WHAT THIS TASK INVOLVES -
Each entry below should be restated word for word, without any picture it contains.

#### EXTRACTED INFORMATION

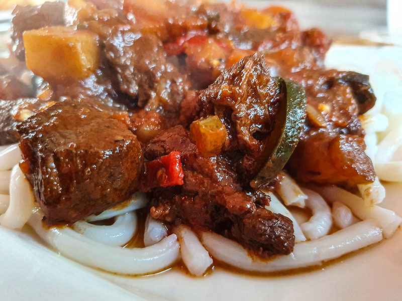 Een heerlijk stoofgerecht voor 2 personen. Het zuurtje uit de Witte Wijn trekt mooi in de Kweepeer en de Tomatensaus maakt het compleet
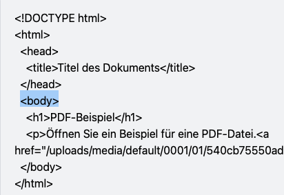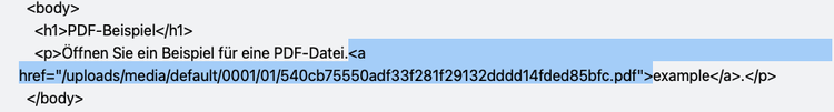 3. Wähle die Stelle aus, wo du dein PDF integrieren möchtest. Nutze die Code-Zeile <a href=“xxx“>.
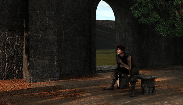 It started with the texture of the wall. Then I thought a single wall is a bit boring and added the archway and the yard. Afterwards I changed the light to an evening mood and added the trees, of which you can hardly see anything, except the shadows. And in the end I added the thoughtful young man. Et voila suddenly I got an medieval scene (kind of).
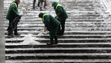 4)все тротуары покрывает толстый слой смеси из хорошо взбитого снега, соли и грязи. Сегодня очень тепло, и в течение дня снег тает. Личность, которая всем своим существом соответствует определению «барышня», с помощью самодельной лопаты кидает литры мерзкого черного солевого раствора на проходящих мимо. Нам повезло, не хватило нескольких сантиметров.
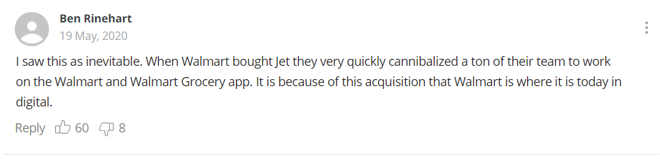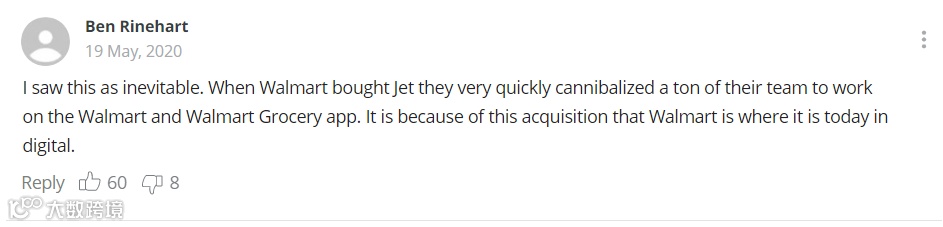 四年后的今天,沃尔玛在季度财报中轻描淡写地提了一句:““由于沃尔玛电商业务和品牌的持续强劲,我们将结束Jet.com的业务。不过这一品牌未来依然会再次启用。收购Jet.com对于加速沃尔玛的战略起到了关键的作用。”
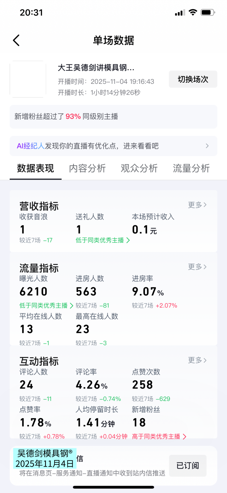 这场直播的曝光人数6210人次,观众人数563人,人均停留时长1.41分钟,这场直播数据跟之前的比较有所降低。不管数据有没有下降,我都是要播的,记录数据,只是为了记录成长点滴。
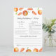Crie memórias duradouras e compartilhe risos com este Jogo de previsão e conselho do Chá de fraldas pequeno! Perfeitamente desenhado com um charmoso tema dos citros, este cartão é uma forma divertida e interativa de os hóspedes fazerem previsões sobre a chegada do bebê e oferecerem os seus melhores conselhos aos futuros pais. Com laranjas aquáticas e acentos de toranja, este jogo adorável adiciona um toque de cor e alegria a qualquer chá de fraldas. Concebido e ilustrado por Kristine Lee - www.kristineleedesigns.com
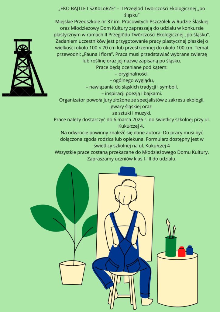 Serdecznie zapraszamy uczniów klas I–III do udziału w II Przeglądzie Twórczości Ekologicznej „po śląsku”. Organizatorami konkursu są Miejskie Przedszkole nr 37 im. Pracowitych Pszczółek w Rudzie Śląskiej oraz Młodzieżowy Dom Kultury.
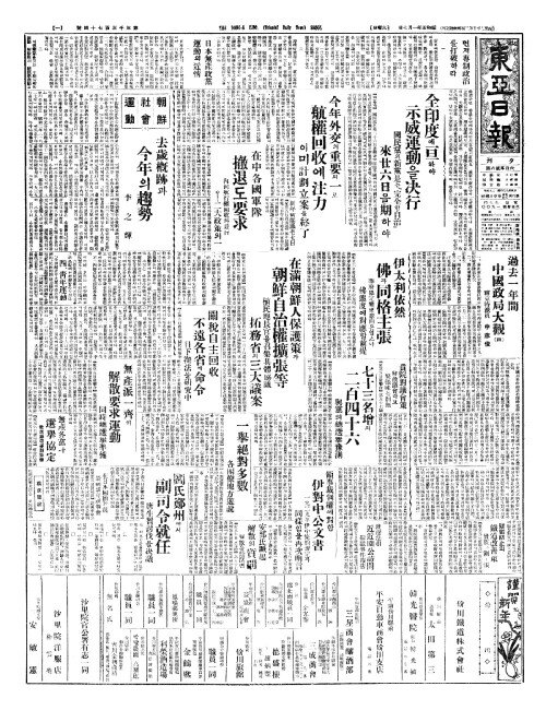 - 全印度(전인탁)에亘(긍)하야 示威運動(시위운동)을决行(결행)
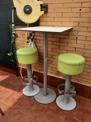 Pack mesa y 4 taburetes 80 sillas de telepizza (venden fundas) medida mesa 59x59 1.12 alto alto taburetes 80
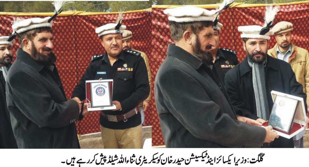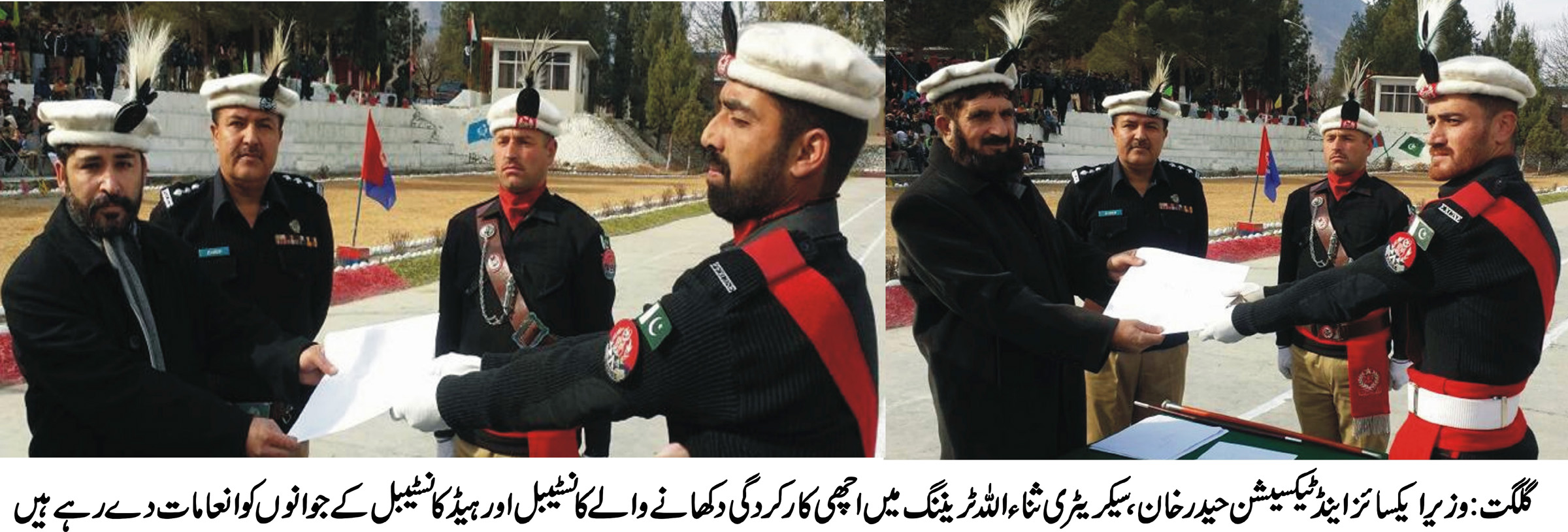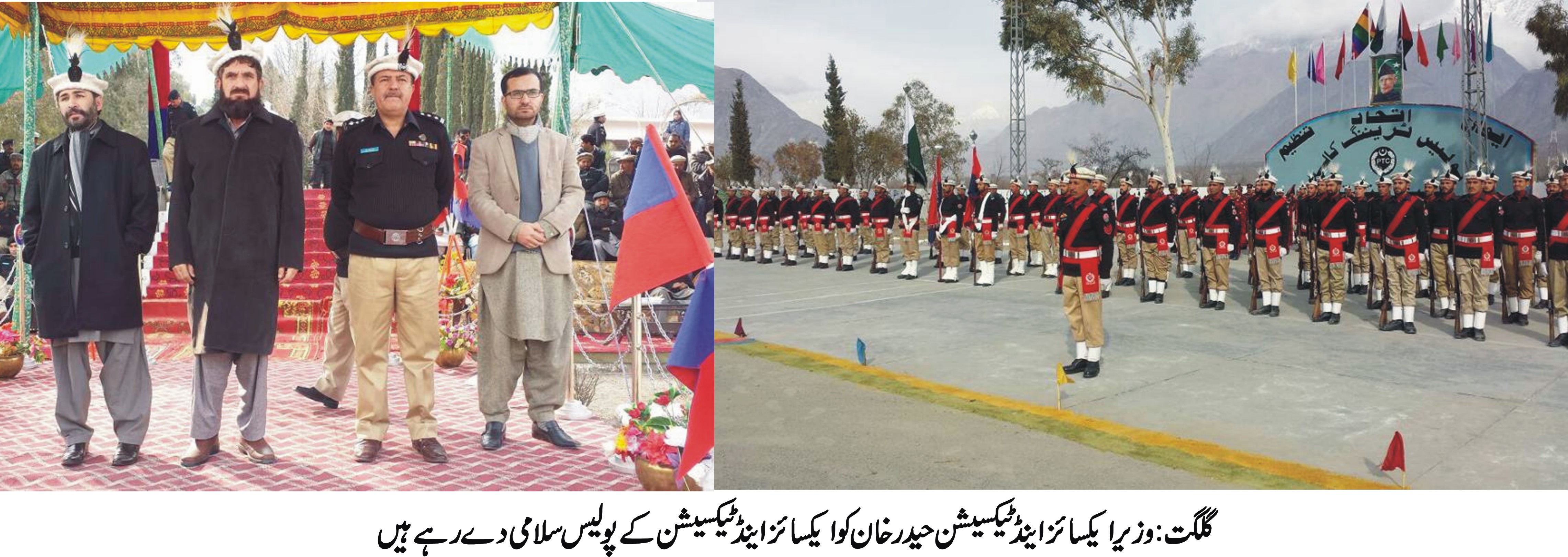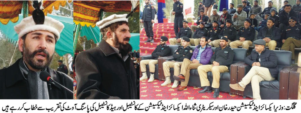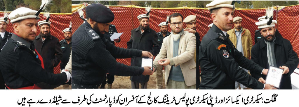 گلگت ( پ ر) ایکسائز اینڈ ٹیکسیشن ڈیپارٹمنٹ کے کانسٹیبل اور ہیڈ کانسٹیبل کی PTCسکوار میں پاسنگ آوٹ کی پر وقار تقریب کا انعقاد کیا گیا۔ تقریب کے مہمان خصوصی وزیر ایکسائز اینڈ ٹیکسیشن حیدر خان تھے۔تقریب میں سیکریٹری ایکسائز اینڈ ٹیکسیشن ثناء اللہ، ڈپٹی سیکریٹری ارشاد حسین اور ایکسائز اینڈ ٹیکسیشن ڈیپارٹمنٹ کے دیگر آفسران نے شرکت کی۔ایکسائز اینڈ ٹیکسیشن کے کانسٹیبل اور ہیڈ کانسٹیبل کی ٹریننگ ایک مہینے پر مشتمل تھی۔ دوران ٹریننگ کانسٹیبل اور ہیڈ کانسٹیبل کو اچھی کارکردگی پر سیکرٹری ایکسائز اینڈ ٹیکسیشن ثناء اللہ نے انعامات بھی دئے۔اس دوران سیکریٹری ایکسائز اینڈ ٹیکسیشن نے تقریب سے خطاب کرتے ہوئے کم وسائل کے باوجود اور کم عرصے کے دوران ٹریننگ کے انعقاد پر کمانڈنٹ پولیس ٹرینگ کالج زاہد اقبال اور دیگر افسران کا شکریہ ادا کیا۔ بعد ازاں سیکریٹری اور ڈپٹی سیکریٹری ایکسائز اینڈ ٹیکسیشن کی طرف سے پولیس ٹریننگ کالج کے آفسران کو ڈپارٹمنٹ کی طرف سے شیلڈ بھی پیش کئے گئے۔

########

TASK RESULT -
 Een heerlijk stoofgerecht voor 2 personen. Het zuurtje uit de Witte Wijn trekt mooi in de Kweepeer en de Tomatensaus maakt het compleet
 3. Wähle die Stelle aus, wo du dein PDF integrieren möchtest. Nutze die Code-Zeile <a href=“xxx“>.
 It started with the texture of the wall. Then I thought a single wall is a bit boring and added the archway and the yard. Afterwards I changed the light to an evening mood and added the trees, of which you can hardly see anything, except the shadows. And in the end I added the thoughtful young man. Et voila suddenly I got an medieval scene (kind of).
 4)все тротуары покрывает толстый слой смеси из хорошо взбитого снега, соли и грязи. Сегодня очень тепло, и в течение дня снег тает. Личность, которая всем своим существом соответствует определению «барышня», с помощью самодельной лопаты кидает литры мерзкого черного солевого раствора на проходящих мимо. Нам повезло, не хватило нескольких сантиметров.
 四年后的今天,沃尔玛在季度财报中轻描淡写地提了一句:““由于沃尔玛电商业务和品牌的持续强劲,我们将结束Jet.com的业务。不过这一品牌未来依然会再次启用。收购Jet.com对于加速沃尔玛的战略起到了关键的作用。”
 这场直播的曝光人数6210人次,观众人数563人,人均停留时长1.41分钟,这场直播数据跟之前的比较有所降低。不管数据有没有下降,我都是要播的,记录数据,只是为了记录成长点滴。
Crie memórias duradouras e compartilhe risos com este Jogo de previsão e conselho do Chá de fraldas pequeno! Perfeitamente desenhado com um charmoso tema dos citros, este cartão é uma forma divertida e interativa de os hóspedes fazerem previsões sobre a chegada do bebê e oferecerem os seus melhores conselhos aos futuros pais. Com laranjas aquáticas e acentos de toranja, este jogo adorável adiciona um toque de cor e alegria a qualquer chá de fraldas. Concebido e ilustrado por Kristine Lee - www.kristineleedesigns.com
 Serdecznie zapraszamy uczniów klas I–III do udziału w II Przeglądzie Twórczości Ekologicznej „po śląsku”. Organizatorami konkursu są Miejskie Przedszkole nr 37 im. Pracowitych Pszczółek w Rudzie Śląskiej oraz Młodzieżowy Dom Kultury.
 - 全印度(전인탁)에亘(긍)하야 示威運動(시위운동)을决行(결행)
 Pack mesa y 4 taburetes 80 sillas de telepizza (venden fundas) medida mesa 59x59 1.12 alto alto taburetes 80
 گلگت ( پ ر) ایکسائز اینڈ ٹیکسیشن ڈیپارٹمنٹ کے کانسٹیبل اور ہیڈ کانسٹیبل کی PTCسکوار میں پاسنگ آوٹ کی پر وقار تقریب کا انعقاد کیا گیا۔ تقریب کے مہمان خصوصی وزیر ایکسائز اینڈ ٹیکسیشن حیدر خان تھے۔تقریب میں سیکریٹری ایکسائز اینڈ ٹیکسیشن ثناء اللہ، ڈپٹی سیکریٹری ارشاد حسین اور ایکسائز اینڈ ٹیکسیشن ڈیپارٹمنٹ کے دیگر آفسران نے شرکت کی۔ایکسائز اینڈ ٹیکسیشن کے کانسٹیبل اور ہیڈ کانسٹیبل کی ٹریننگ ایک مہینے پر مشتمل تھی۔ دوران ٹریننگ کانسٹیبل اور ہیڈ کانسٹیبل کو اچھی کارکردگی پر سیکرٹری ایکسائز اینڈ ٹیکسیشن ثناء اللہ نے انعامات بھی دئے۔اس دوران سیکریٹری ایکسائز اینڈ ٹیکسیشن نے تقریب سے خطاب کرتے ہوئے کم وسائل کے باوجود اور کم عرصے کے دوران ٹریننگ کے انعقاد پر کمانڈنٹ پولیس ٹرینگ کالج زاہد اقبال اور دیگر افسران کا شکریہ ادا کیا۔ بعد ازاں سیکریٹری اور ڈپٹی سیکریٹری ایکسائز اینڈ ٹیکسیشن کی طرف سے پولیس ٹریننگ کالج کے آفسران کو ڈپارٹمنٹ کی طرف سے شیلڈ بھی پیش کئے گئے۔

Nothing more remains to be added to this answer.